THE PROBLEM:
Among the records below, find the line with "Залить их маринадом, посыпать" and the line with "When floor space". Set down both and every line between, exactly and with no pictures, but nothing else.

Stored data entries
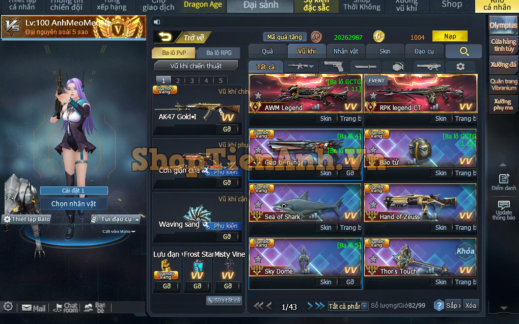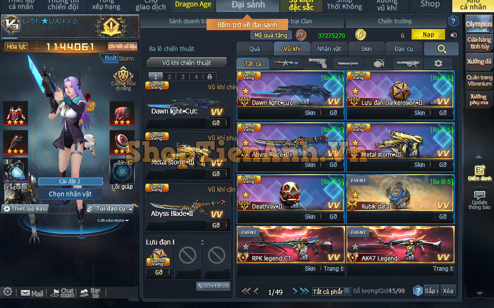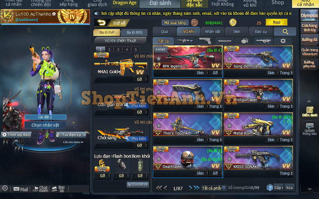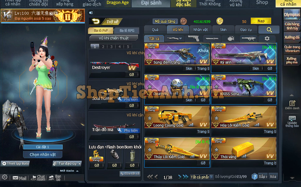 Acc có: Con hàng V10 chơi all chế độ Rpg 6m3 lực chiến đồng bộ Rồng max và nhiều vũ khí mới đồng bộ max..Nhân vật ma đồng cam..Đồ pvp và chơi zom 2D nhiều...còn 8 thẻ tên.
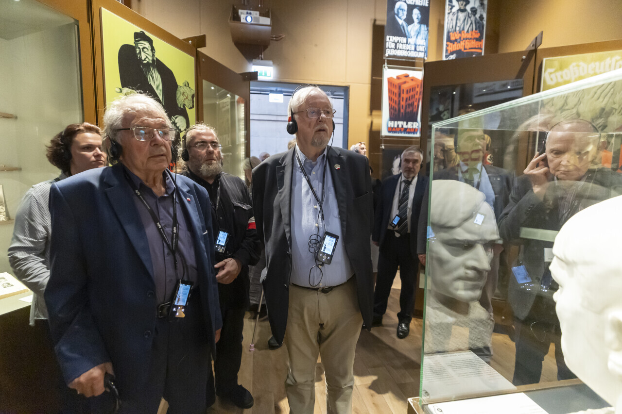 Gdańsk. Wyjazdowe spotkanie Zarządu Głównego Światowego Związku Żołnierzy AK. Nz. Zwiedzanie Wystawy Głównej Muzeum II Wojny Światowej.
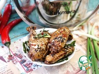 Залить их маринадом, посыпать зелёным луком. Оставить мариноваться на несколько часов в холодильнике. Если маринад не покрывает крылышки, то их желательно несколько раз перемешать их за это время. |
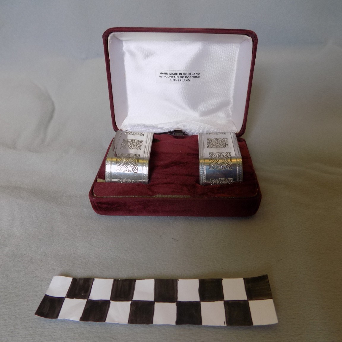 A set of two napkin rings with Celtic cross design, 'Hand made in Scotland by Fountain of Dornoch Sutherland', and displayed in a burgundy velvet box.
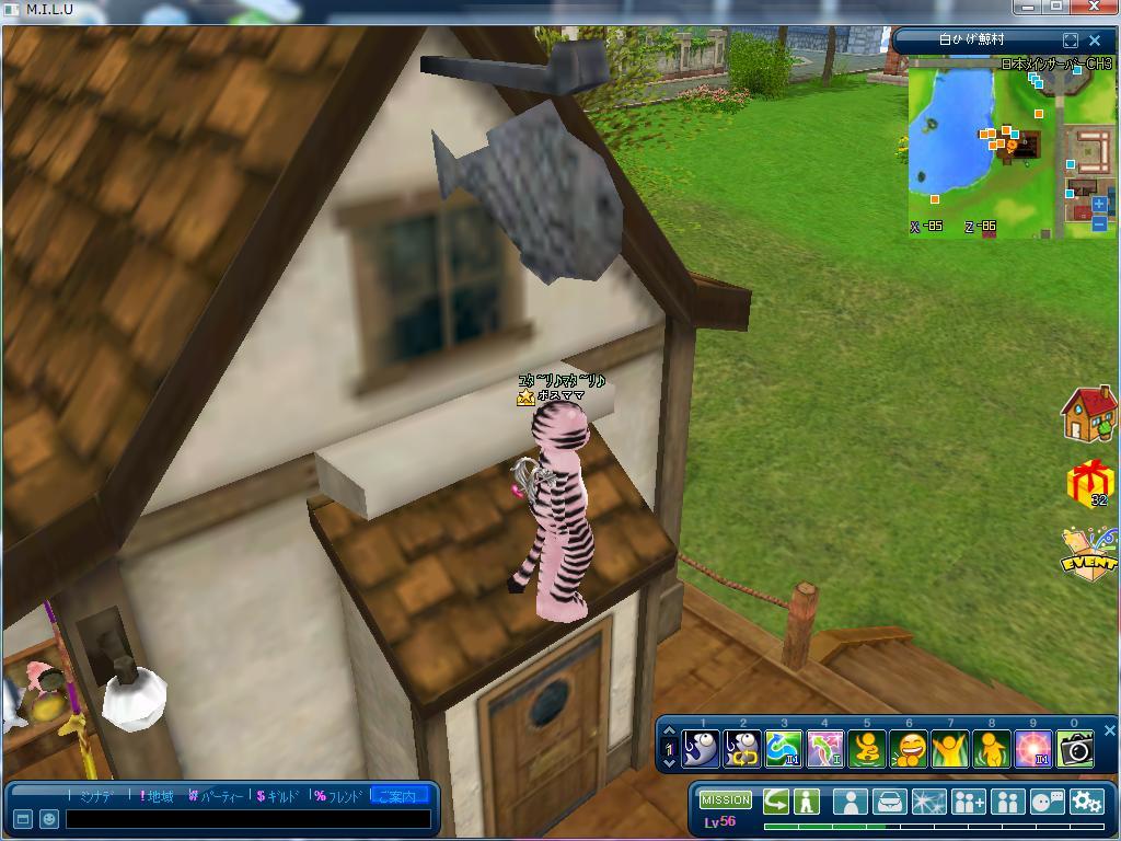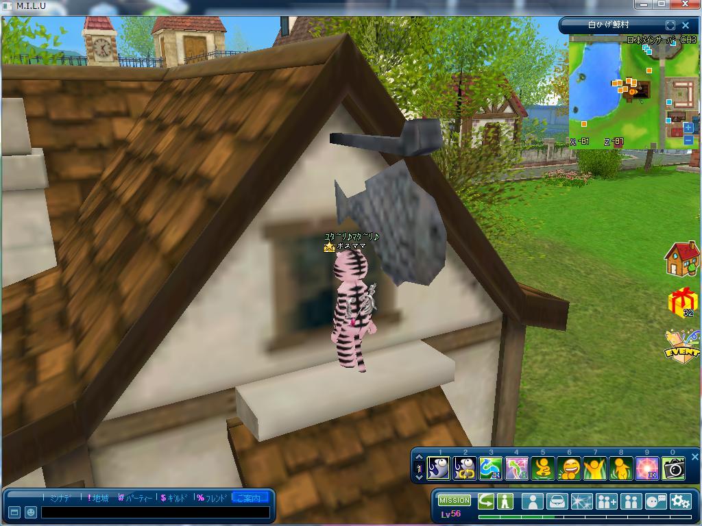 ピッシュルに屋根に乗って窓から偵察w
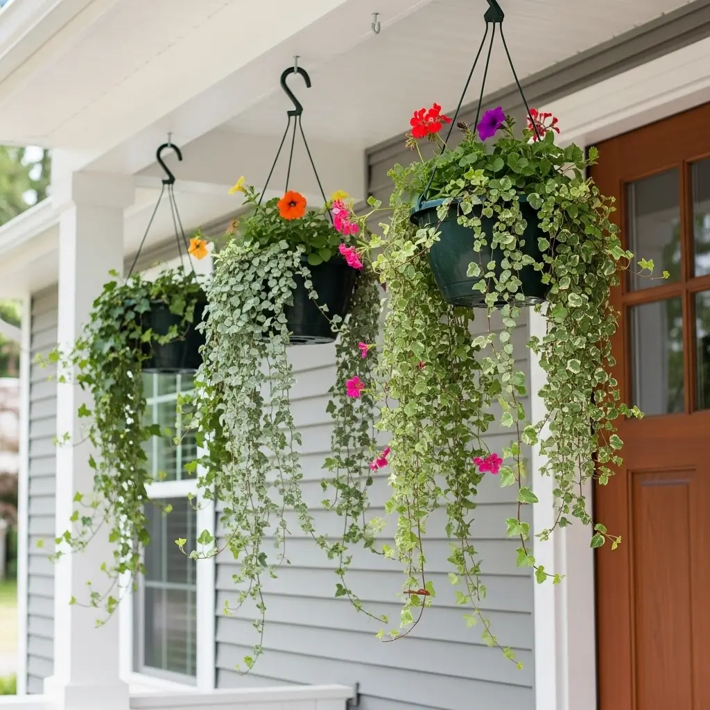 When floor space is incredibly limited, the best direction to look is up. Hanging floral baskets are a fantastic way to add lush greenery and bright spring colors without cluttering your walking path.
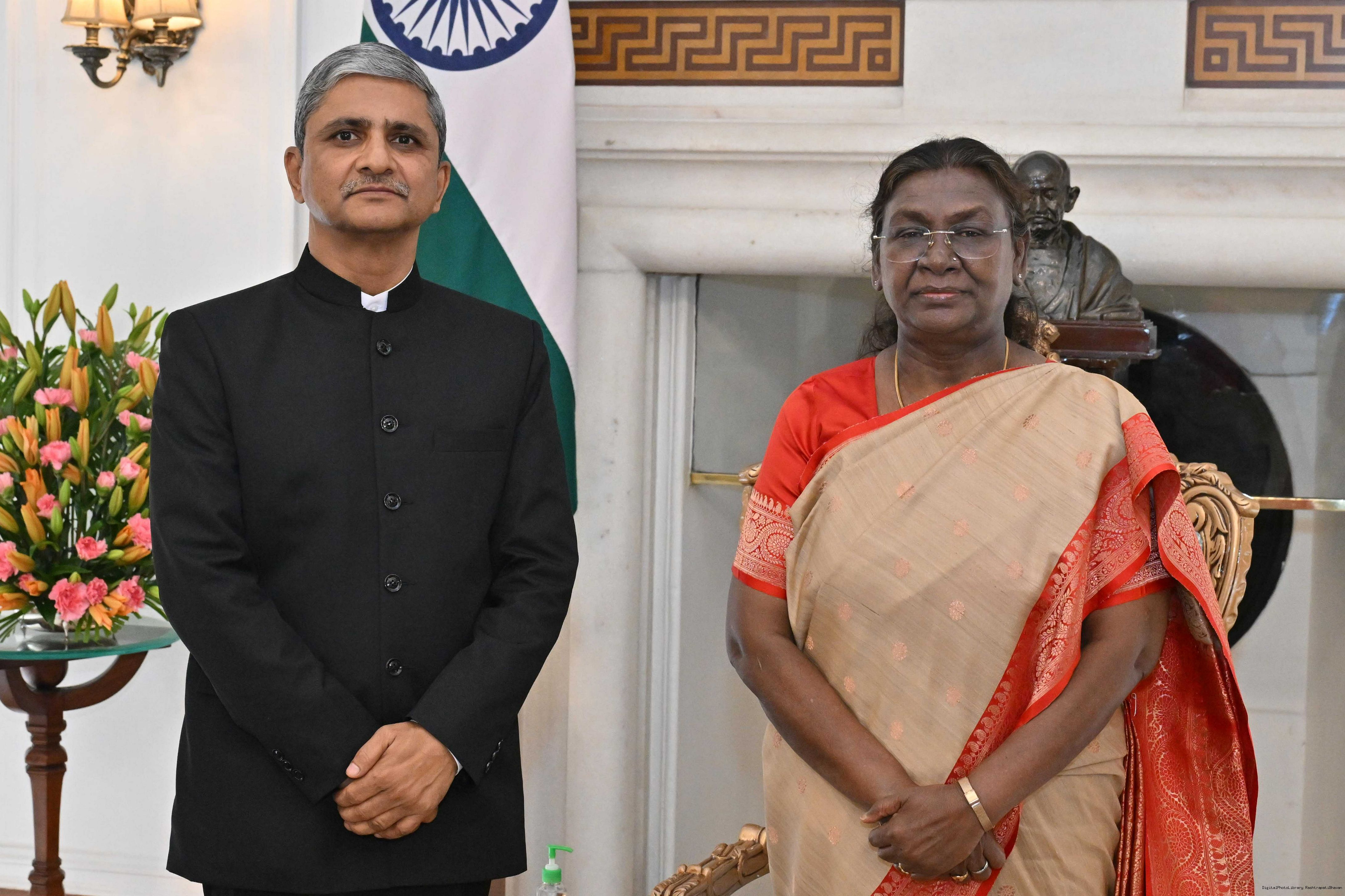 The Ambassador-designate of India to the Republic of South Sudan, Shri Anil Nautiyal meeting with the President of India Smt. Droupadi Murmu at Rashtrapati Bhavan on February 21, 2025.

ANSWER SPACE:
 Залить их маринадом, посыпать зелёным луком. Оставить мариноваться на несколько часов в холодильнике. Если маринад не покрывает крылышки, то их желательно несколько раз перемешать их за это время. |
 A set of two napkin rings with Celtic cross design, 'Hand made in Scotland by Fountain of Dornoch Sutherland', and displayed in a burgundy velvet box.
 ピッシュルに屋根に乗って窓から偵察w
 When floor space is incredibly limited, the best direction to look is up. Hanging floral baskets are a fantastic way to add lush greenery and bright spring colors without cluttering your walking path.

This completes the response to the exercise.